In a Thursday update on Houston’s winter storm response, Mayor Sylvester Turner celebrated that most city residents finally have electricity again, but warned that locals may still have to boil their water for safe consumption through this weekend or into next week. He also warned about the one last hard freeze set for Thursday night and cautioned folks to take precautions to prevent busted pipes that could damage homes and further set-back the city water pressure issues.
Most of the city of Houston has been under a boil water notice since Wednesday morning, when the city water system’s pressure fell below the state’s 20 psi threshold for safe drinking water. Thanks to ongoing repairs and getting a bunch of new generators up and running to warm-up chilly pipes overnight, Turner said the pressure situation is slowly but steadily improving.
But even though we’re above that 20 psi threshold, Turner said we still have a ways to go before local water is safe to drink without cooking first.
“In terms of the pressure, it needs to be right around 35 [psi], really, and we don’t anticipate that taking place until tomorrow,” Turner explained. “Then we have to take samples and send those samples to the Texas Commision on Environmental Quality… and then we have to wait about 24 hours.”
With all that in mind, Turner said he expects Houstonians will still need to boil their water before drinking or cooking with it until the end of this weekend at the earliest.
“We’ll still be in this boil water status probably until about Sunday or Monday,” he said. Turner had said on Wednesday that he hoped the boil notice could be lifted as soon as Friday.
The good news is that even with the boil water issues, Turner said that the increases in local water pressure have already improved the water situations at local hospitals, and that the pressure uptick has made city fire hydrants able to pump out much more water for Houston firefighters.
It’s especially good news given that the Houston Fire Department has already responded to more than 60 structure fires in the last three days, and because hospitals are dealing with an influx of patients from carbon monoxide poisoning cases due to folks using dangerous heat sources like outdoor grills and cars parked in closed garages to heat their homes.
Turner said he’s instructed City Council to identify sites for free bottled water distribution for residents who still don’t have running water (or the electricity to boil it even if water is working) in each of the city’s 11 council districts. “It’s my hope that we can have that up and going by today by 2 o’clock, but certainly by today,” Turner said.
Ahead of tonight’s hard freeze, Public Works director Carol Haddock asked Houstonians lucky enough to not have had pipes burst this week to try their best to turn off their water before the ultra-cold weather rolls in this evening. She said people can call 311 to get instructions or on-site assistance shutting of their home water mains, and told apartment residents to consult with their landlords or building managers about their water situation.
"We could encourage each of you to very strongly consider turning off the water to your house and draining the pipes for the night... they can't burst if there's no water in them to freeze," said Haddock.

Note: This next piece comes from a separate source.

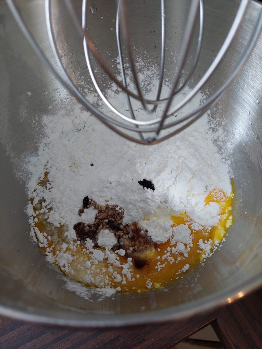 Zunächst trennt ihr das Eigelb vom Eiweiß und schlagt das Eiweiß steif. Lasst es dann in einer separaten Schüssel stehen. Zum Eigelb gebt ihr alle restlichen Zutaten (Joghurt, Vanilleschote, Vanillinzucker, Stärke, Backpulver und Zucker) und verrührt das Ganze mit einem Rührgerät zu einer glatten Masse.

Turner also announced that he’s already recruited CenterPoint President David Lesar to chair a new winter storm relief fund the city is working on, which will resemble the city’s Hurricane Harvey relief process. The mayor said he’s in the process of soliciting donations for this fund from local philanthropists and businesses. This pool of money will go toward home repairs and critical assistance for those affected by this horrible winter storm, and he especially hopes low-income and elderly Houstonians will take advantage of the funds once available.
Additionally, Turner said he’s working on a joint request with San Antonio and other Texas cities to ask the Federal Emergency Management Agency to provide extra relief for Texans in need, and thanked U.S. Rep. Sheila Jackson Lee for her help in getting that process moving. He also announced that the city disability office has partnered with CrowdSource Rescue to set up a program to provide transportation and supply delivery to seniors without transportation.
CenterPoint VP Kenny Mercado said he’s been in touch with ERCOT (the Electric Reliability Council of Texas) and was told by the power grid operator that Texas has more power generators online right now than any time since Sunday. As of Thursday morning, 98 percent of CenterPoint customers had their power restored.
“The grid looks great, and we’ve been working so hard to keep it stable… However, tonight’s a freezing night, and all of our activities have occurred at nighttime while people are sleeping,” Mercado said. He explained there’s still a chance that all of these new power sources and recently-restored electricity customers turning on their heaters tonight could add enough strain to the grid to cause more power outages, although they should last way less long than the days-long outages we’ve seen this week so far.
Turner couldn’t help but chuckle when asked about Sen. Ted Cruz’s decision to high-tail it to Cancun yesterday, a trip which a source close to Cruz confirmed to the Associated Press. Cruz claimed in a statement Thursday that he was only heading down to Mexico to accompany his out-of-school daughters (ages 10 and 12) on a trip with friends and planned to head back immediately, though the jury is still out on that one.
“Well it’s certainly much warmer where he’s going, let me just put it like that,” Turner quipped.
Without directly criticizing Cruz, Turner said he believes being a leader in times like this means sticking it out until your constituents are out of harm’s way.
“My task as the mayor of this city is to stay on this ship until everybody’s needs are met,” Turner said.